STRANGE BOOK ! PREMIER MEMORANDUM
Byron, modèle absolu du Memorandum de Barbey
La figure de Byron domine le Memorandum et l’œuvre entière de Barbey d’Aurvilly. Le nom de Memorandum est emprunté par Barbey à Byron qui qualifiait son propre journal de Memorandum-book. Or ce journal de Byron fut vitime de ce que les anglais ont qualifié de « greatest literary crime in history ». Au lendemain de la mort de Byron, quelques-uns de ses amis décidèrent de brûler son journal manuscrit après qu’eux seuls l’aient lu, par crainte d’un scandale. Ce journal disparu à jamais fait partie des oeuvres mythiques détruites, au même titre que la seconde moitié des Ames mortes, les lettres de Rimbaud à Verlaine ou la suite du journal de Kafka. L’un des coupables de cet autodafé du journal de Byron, son ami le poète Thomas Moore, publia cependant en 1830, des fragments sauvés de ce journal. C’est à ce bout de Memorandum-book que Barbey d’Aurevilly fait référence.

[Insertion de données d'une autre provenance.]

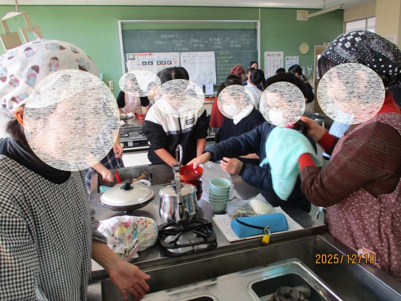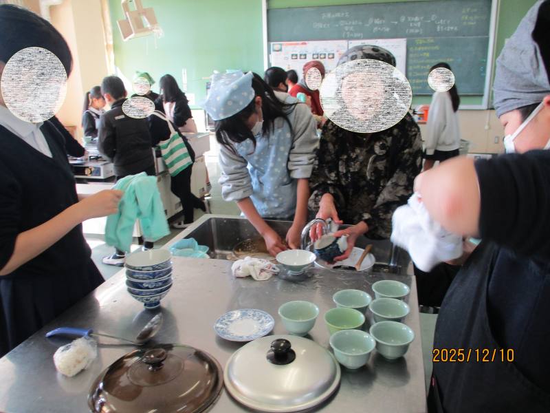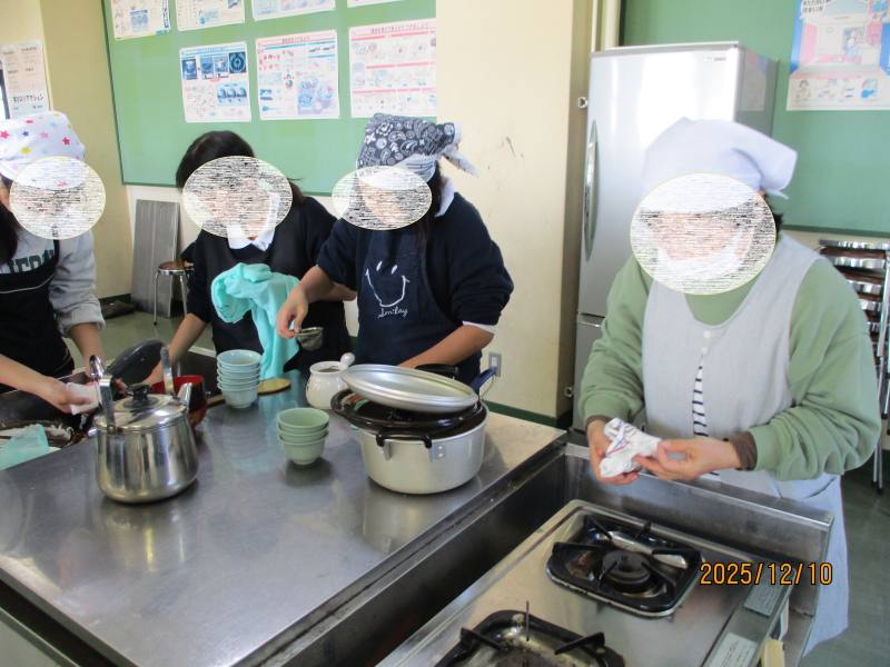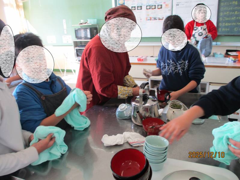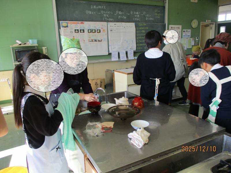 5年生は、地域ボランティアの方と一緒にごはんとみそ汁をつくりました。写真は、片付けの様子です。子どもたちもボランティアの方々もみんな「おいしかった」と感想を述べてくれました。一口いただきました。とってもおいしいみそ汁でした。

Toute la trajectoire de Barbey d’Aurevilly s’est déroulée sous l’astre de Byron. Dès le premier paragraphe du Memorandum, Barbey se place sous cette figure tutélaire de Lord Byron : “Je retourne à mon livre de loch, comme disait Byron… Ces pages sont un kaléidoscope, car je dois y déposer au fur et à mesure toutes les nuances que je revêts” (p. 142). Le loch est l’instrument servant à mesurer la vitesse d’un navire. A la fin de sa vie, dans une note des Dijecta Membra, datée du 4 juin 1875, Barbey confirme, par-delà un demi-siècle, une fidélité intacte à ses admirations de jeunesse : « c’est dans Byron que j’ai appris à lire littérairement ». Barbey est alors âgé de soixante-sept ans, et a pratiquement toute son œuvre derrière lui.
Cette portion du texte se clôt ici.